▶ [Exercise brief]: Going line by line through the records below, write out everything starting with the line containing "史小坑的烦恼5第22关国王要" and going on through the line containing "Sữa Rửa Mặt", exactly and inclusively. Pictures do not go in.

▶ [Dataset extract]:
▶

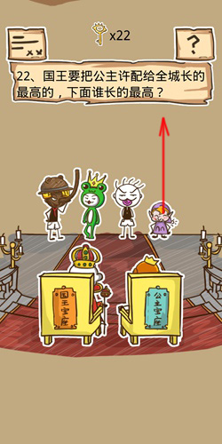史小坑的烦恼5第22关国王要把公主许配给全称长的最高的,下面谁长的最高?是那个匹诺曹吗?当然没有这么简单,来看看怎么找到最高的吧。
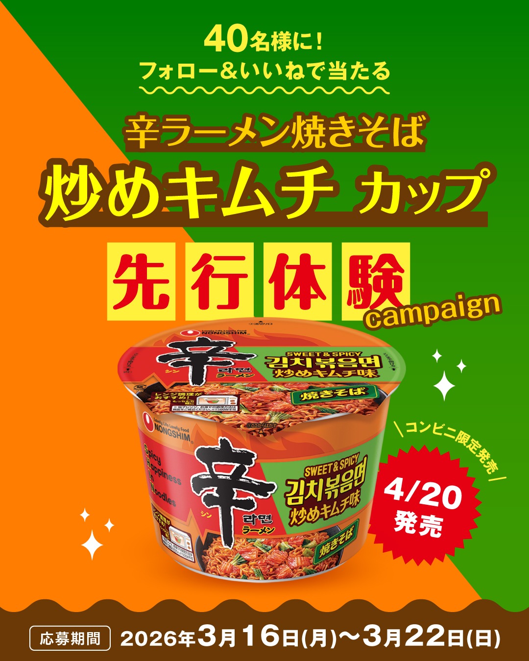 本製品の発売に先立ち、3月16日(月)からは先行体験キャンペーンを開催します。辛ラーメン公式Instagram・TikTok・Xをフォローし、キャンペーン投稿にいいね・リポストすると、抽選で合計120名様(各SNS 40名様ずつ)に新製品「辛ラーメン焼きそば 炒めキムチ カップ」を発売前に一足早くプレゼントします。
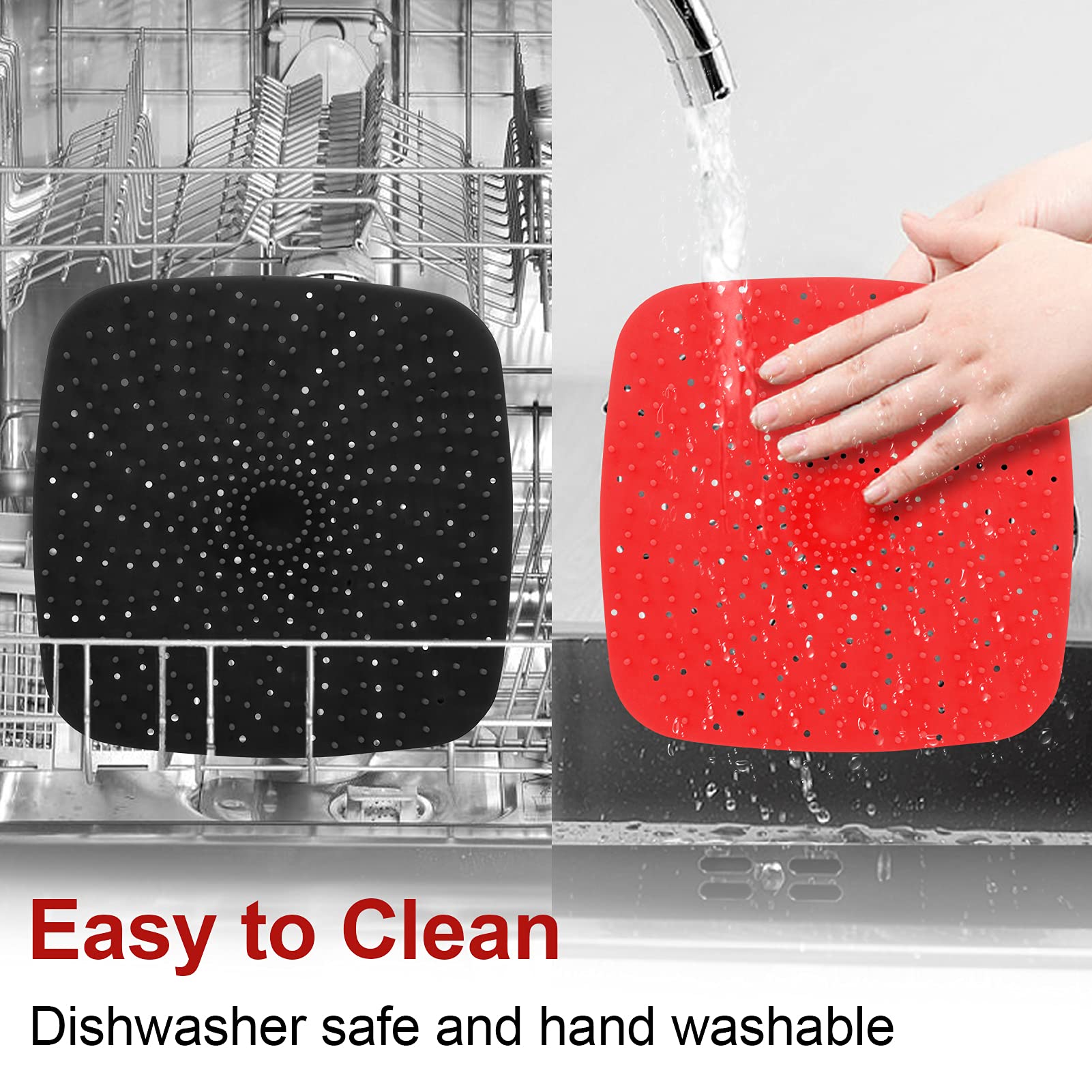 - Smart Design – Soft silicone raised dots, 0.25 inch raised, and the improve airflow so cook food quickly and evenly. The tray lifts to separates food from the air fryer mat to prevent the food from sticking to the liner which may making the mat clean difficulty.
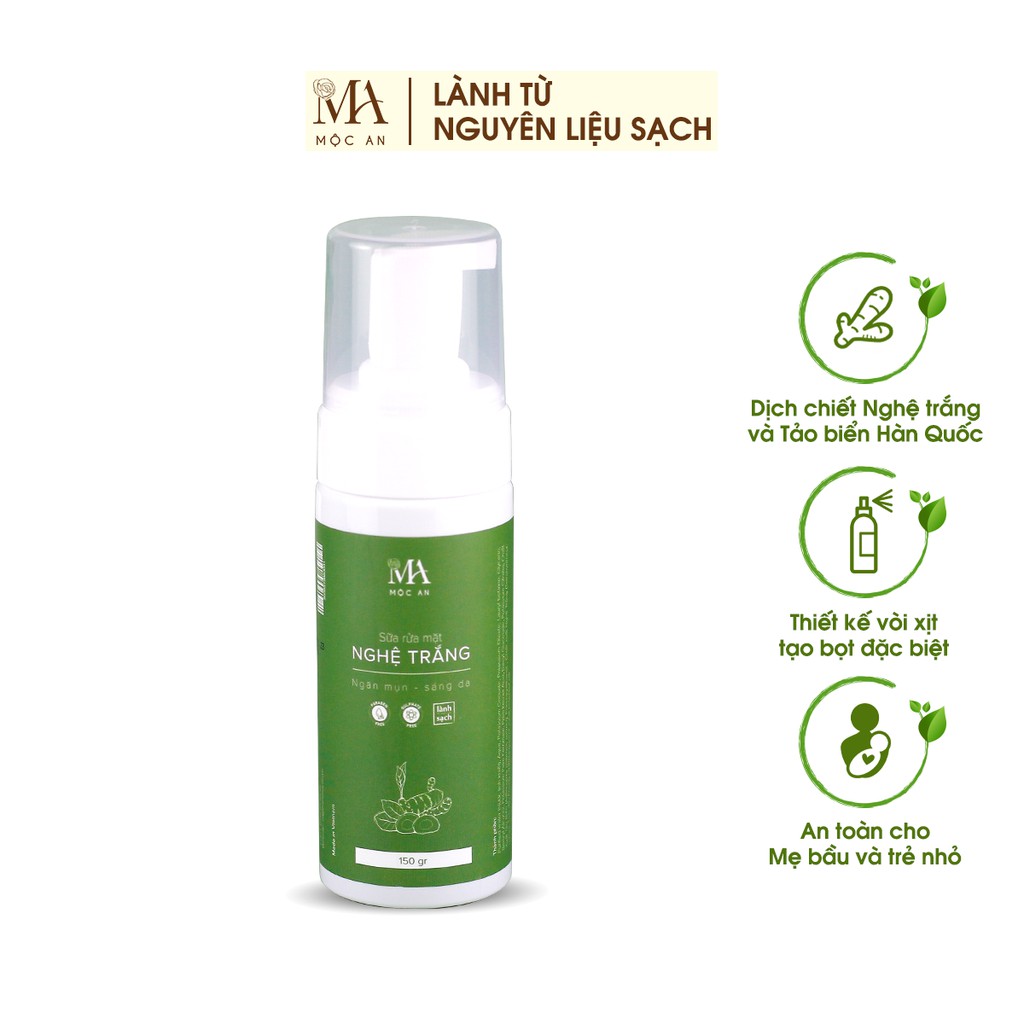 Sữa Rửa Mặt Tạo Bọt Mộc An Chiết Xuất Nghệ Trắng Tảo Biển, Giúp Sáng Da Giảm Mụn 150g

◀
▶

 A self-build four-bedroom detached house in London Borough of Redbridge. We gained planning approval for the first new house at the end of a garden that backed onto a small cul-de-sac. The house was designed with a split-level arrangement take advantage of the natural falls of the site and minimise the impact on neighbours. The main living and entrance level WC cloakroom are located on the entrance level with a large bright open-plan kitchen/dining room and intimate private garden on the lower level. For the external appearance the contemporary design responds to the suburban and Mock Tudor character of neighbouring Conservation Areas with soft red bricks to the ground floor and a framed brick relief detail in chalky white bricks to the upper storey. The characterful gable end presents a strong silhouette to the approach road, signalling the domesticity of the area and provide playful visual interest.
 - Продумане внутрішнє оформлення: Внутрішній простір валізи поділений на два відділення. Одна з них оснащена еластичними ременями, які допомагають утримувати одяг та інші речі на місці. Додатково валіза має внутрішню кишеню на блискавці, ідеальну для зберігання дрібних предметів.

◀

▶ [Answer space]:
史小坑的烦恼5第22关国王要把公主许配给全称长的最高的,下面谁长的最高?是那个匹诺曹吗?当然没有这么简单,来看看怎么找到最高的吧。
 本製品の発売に先立ち、3月16日(月)からは先行体験キャンペーンを開催します。辛ラーメン公式Instagram・TikTok・Xをフォローし、キャンペーン投稿にいいね・リポストすると、抽選で合計120名様(各SNS 40名様ずつ)に新製品「辛ラーメン焼きそば 炒めキムチ カップ」を発売前に一足早くプレゼントします。
 - Smart Design – Soft silicone raised dots, 0.25 inch raised, and the improve airflow so cook food quickly and evenly. The tray lifts to separates food from the air fryer mat to prevent the food from sticking to the liner which may making the mat clean difficulty.
 Sữa Rửa Mặt Tạo Bọt Mộc An Chiết Xuất Nghệ Trắng Tảo Biển, Giúp Sáng Da Giảm Mụn 150g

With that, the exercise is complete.